In other words, the timeout will hit and increase iff the interested
SelectionKey.OP_CONNECT doesn't trigger before the timeout arrives, which
means, for example, network congestion, failure of the ARP request, packet
filtering, routing error, or a silent discard may happen. (I didn’t read the
Java NIO source code. Please correct me the case when OP_CONNECT won’t get
triggered if I’m wrong)
4)
A) Connection timeout dominates both request timeout and API timeout
When connection timeout hits, the connection will be closed. The client will be
notified either by the responses constructed by NetworkClient or the callbacks
attached to the request. As a result, the request failure will be handled
before either connection timeout or API timeout arrives.
B) Neither request timeout or API timeout dominates connection timeout
i) Request timeout: Because request timeout only affects in-flight requests,
after the API NetworkClient.ready() is invoked, the connection won't get closed
after "request.timeout.ms” hits. Before
1. the SocketChannel is connected
2. SSL handshake finished
3. authentication has finished (SASL)
, clients won't be able to invoke NetworkClient.send() to send any request,
which means no in-flight request targeting to the connection will be added.
ii) API timeout: In AdminClient, API timeout acts by putting a smaller and
smaller timeout value to the chain of requests in a same API. After the API
timeout hits, the retry logic won't close any connection. In consumer, API
timeout acts as a whole by putting a limit to the code block executing time.

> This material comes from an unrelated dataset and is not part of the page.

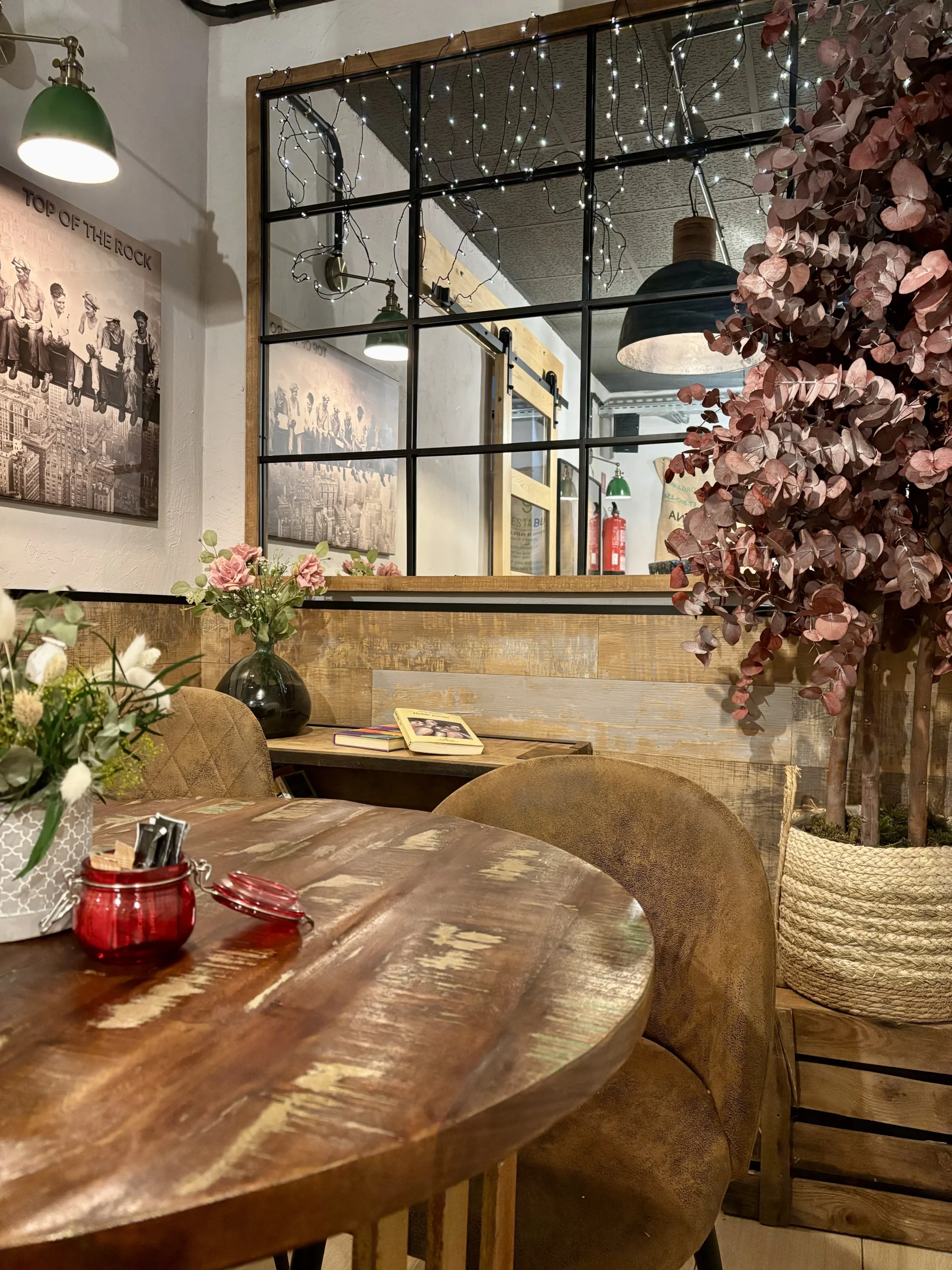 Nuestro local mezcla lo industrial con lo cálido: madera reciclada, metal, luz suave y plantas que dan vida. Y lo mejor: una terraza con vistas al mar donde siempre corre un poco de brisa y el tiempo parece ir más lento.

The retry logic won't close any connection as well.
Conclusion:
Thanks again for the long feedback and I’m always enjoying them. I’ve
supplement the above discussion into the KIP proposal. Please let me know what
you think.
Best, - Cheng Tan
> On Jun 2, 2020, at 3:01 AM, Rajini Sivaram <[email protected]> wrote:
>
> Hi Cheng,
>
> Not sure if the discussion should move back to the DISCUSS thread. I have a
> few questions:
>
> 1) The KIP motivation says that in some cases `request.timeout.ms` doesn't
> timeout connections properly and as a result it takes 127s to detect a
> connection failure. This sounds like a bug rather than a limitation of the
> current approach. Can you explain the scenarios where this occurs?
>
> 2) I think the current proposal is to use non-exponential 10s connection
> timeout as default with the option to use exponential timeout. So
> connection timeouts for every connection attempt will be between 8s and 12s
> by default. Is that correct? Should we use a default max timeout to enable
> exponential timeout by default since 8s seems rather small?
>
> 3) What is the scope of `failures` used to determine connection timeout
> with exponential timeouts? Will we always use 10s followed by 20s every
> time a connection is attempted?
>
> 4) It will be good if we can include two flows with the relationship
> between various timeouts in the KIP. One with a fixed node like a typical
> produce/consume request to the leader and another that uses
> `leastLoadedNode` like a metadata request. Having the comparison between
> the current and proposed behaviour w.r.t all configurable timeouts (the two
> new connection timeouts, request timeout, api timeout etc.) will be useful.
>
> Regards,
>
> Rajini
>